— TASK INPUT —
--------------------

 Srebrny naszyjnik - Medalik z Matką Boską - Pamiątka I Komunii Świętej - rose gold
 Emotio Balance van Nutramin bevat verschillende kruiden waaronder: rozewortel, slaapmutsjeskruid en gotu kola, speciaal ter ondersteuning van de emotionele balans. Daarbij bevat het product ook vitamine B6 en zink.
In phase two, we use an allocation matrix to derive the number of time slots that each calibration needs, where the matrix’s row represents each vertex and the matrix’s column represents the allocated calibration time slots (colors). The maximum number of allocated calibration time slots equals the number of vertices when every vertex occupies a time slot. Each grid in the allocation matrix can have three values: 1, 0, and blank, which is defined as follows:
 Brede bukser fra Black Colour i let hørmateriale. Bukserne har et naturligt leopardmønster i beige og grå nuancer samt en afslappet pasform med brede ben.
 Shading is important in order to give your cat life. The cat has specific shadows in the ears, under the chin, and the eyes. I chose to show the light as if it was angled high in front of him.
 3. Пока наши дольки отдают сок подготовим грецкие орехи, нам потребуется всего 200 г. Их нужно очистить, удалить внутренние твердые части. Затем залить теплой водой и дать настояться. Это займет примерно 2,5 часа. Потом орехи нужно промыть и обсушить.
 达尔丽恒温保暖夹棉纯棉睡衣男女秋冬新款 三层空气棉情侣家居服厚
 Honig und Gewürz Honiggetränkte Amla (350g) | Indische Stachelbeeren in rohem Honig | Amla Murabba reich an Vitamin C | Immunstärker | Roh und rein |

--------------------

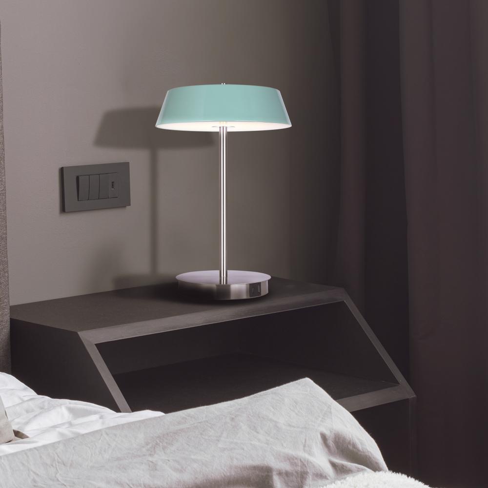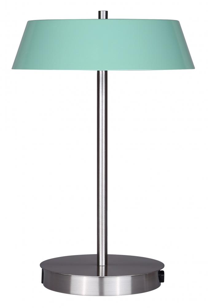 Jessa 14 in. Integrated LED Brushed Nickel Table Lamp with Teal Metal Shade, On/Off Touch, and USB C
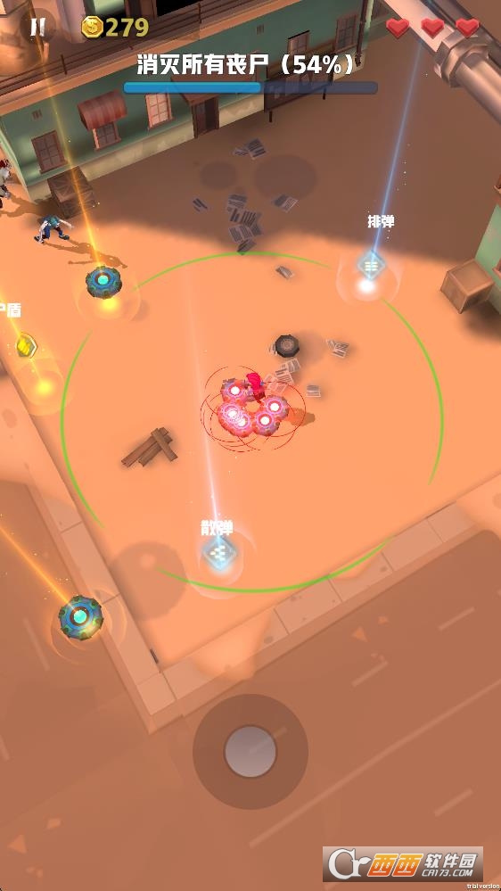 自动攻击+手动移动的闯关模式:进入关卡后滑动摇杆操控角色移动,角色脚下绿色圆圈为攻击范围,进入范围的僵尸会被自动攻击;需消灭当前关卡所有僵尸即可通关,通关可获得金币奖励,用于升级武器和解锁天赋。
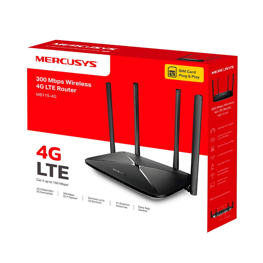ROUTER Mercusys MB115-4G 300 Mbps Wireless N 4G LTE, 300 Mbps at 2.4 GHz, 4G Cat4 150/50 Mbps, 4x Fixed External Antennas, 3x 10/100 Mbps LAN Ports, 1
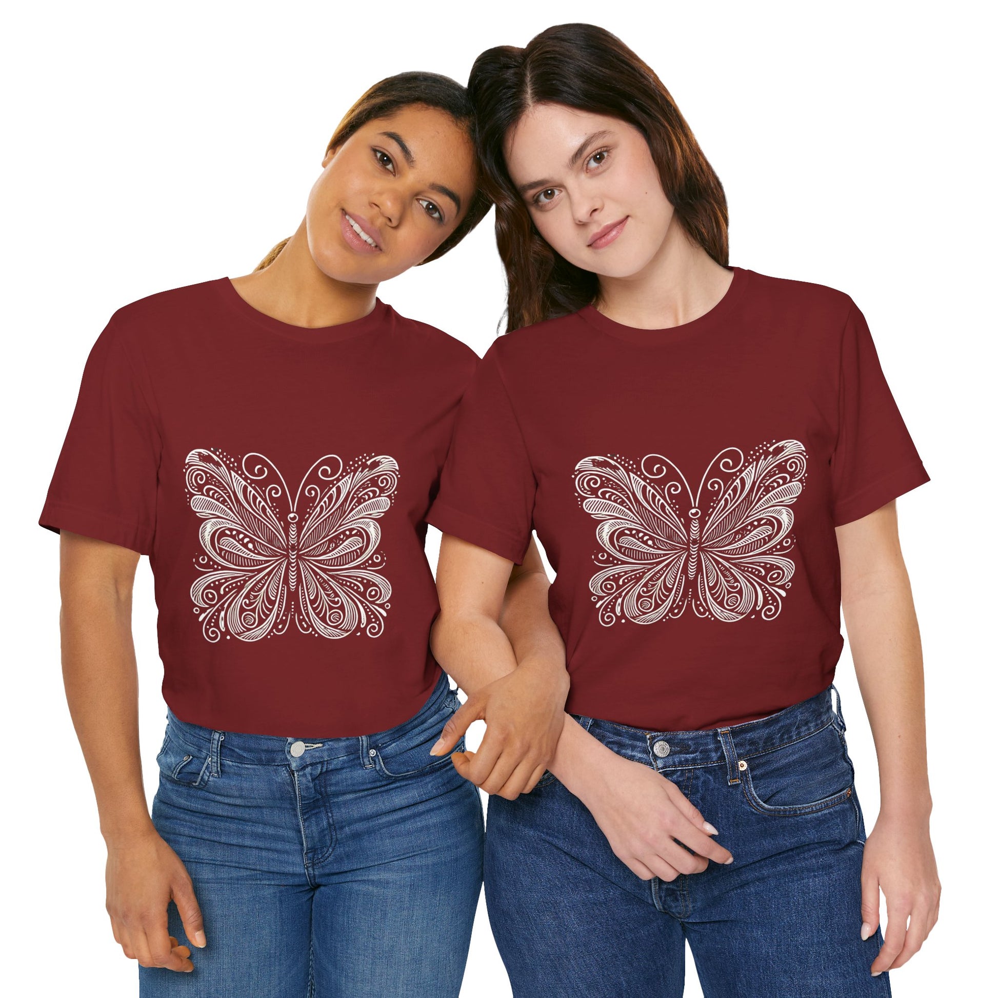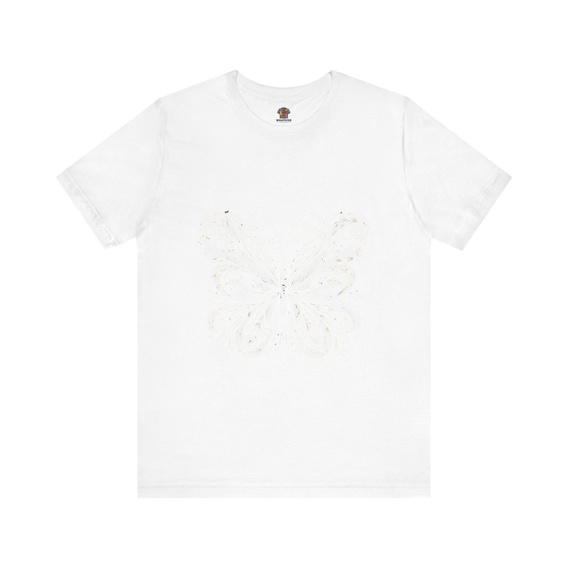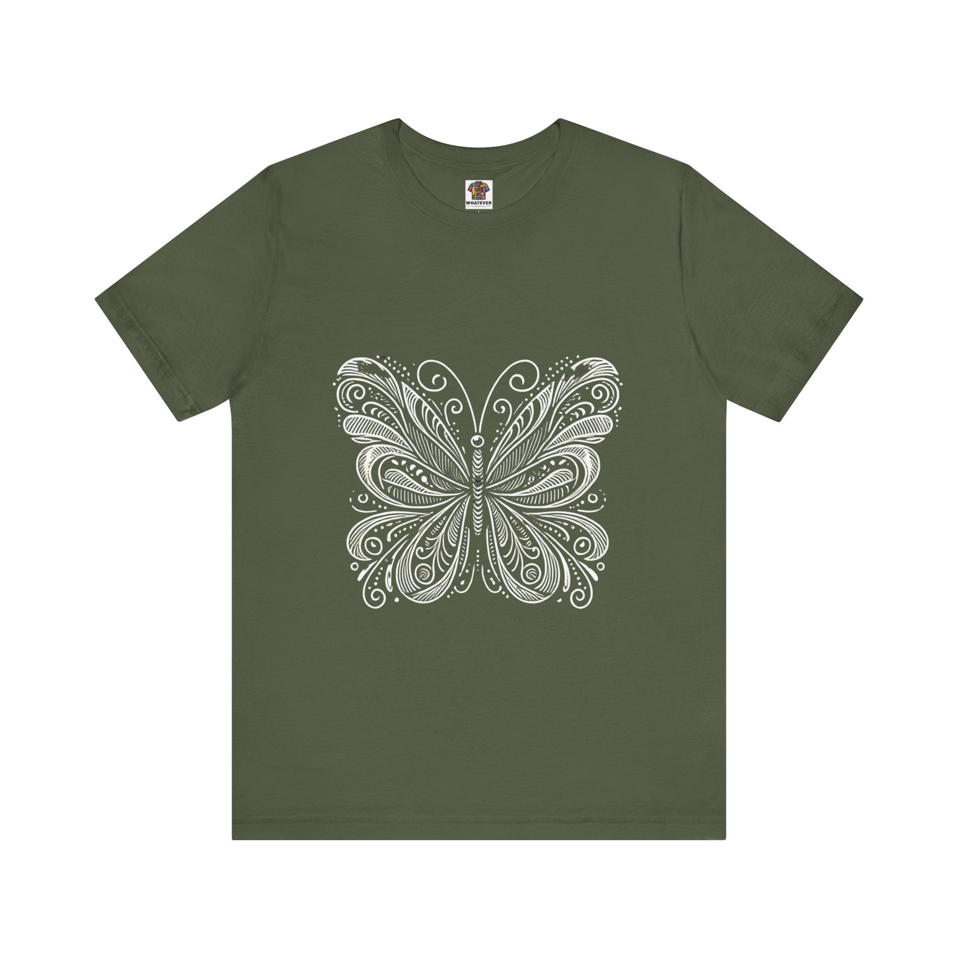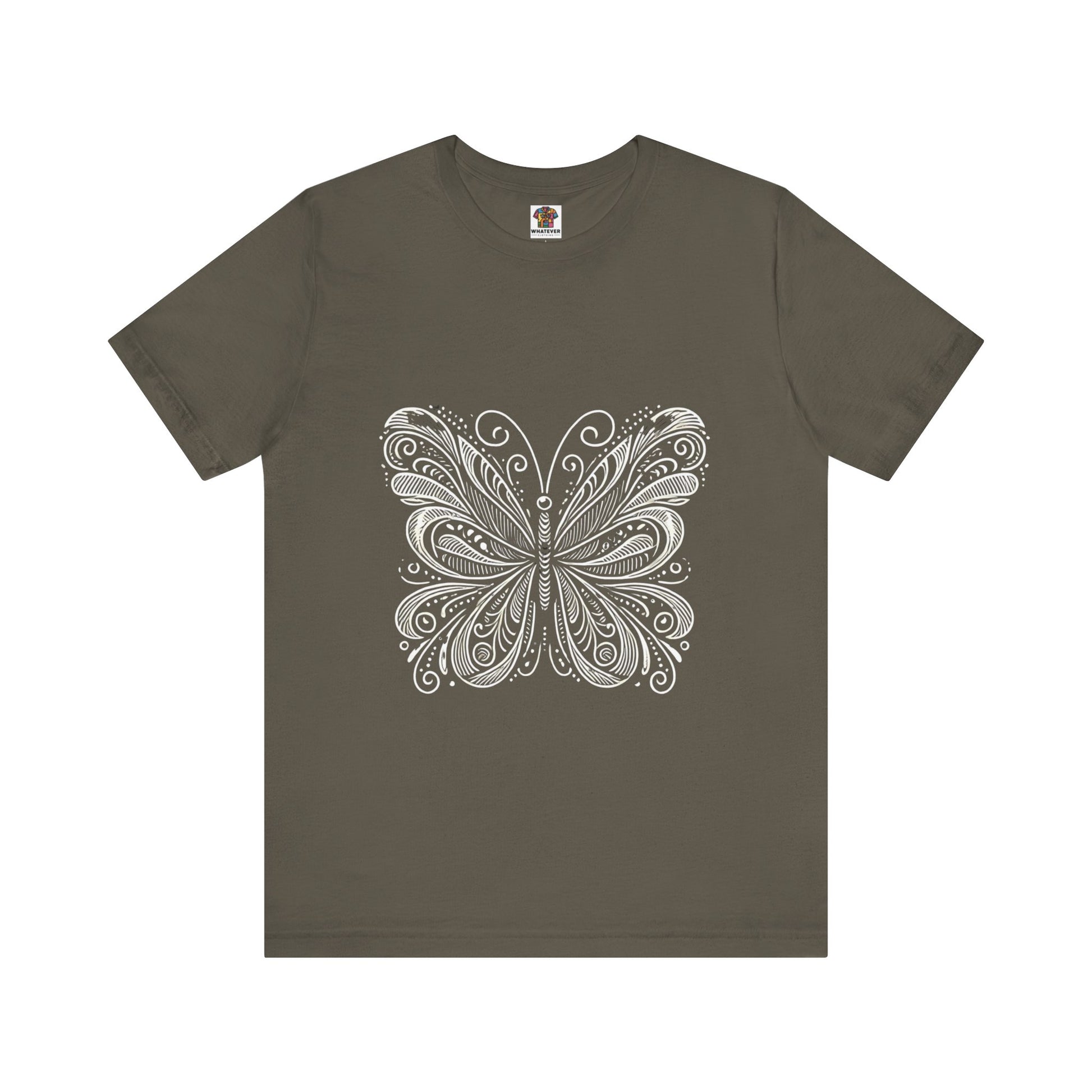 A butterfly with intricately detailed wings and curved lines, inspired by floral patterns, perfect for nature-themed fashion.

--------------------

— REQUIREMENT —
All lines in the listing above from the line containing "达尔丽恒温保暖夹棉纯棉睡衣男女秋冬新款 三层空气棉情侣家居服厚" to the line containing "Honig und Gewürz", inclusive, should be retyped exactly; no other lines should appear.

— RESPONSE BOX —
 达尔丽恒温保暖夹棉纯棉睡衣男女秋冬新款 三层空气棉情侣家居服厚
 Honig und Gewürz Honiggetränkte Amla (350g) | Indische Stachelbeeren in rohem Honig | Amla Murabba reich an Vitamin C | Immunstärker | Roh und rein |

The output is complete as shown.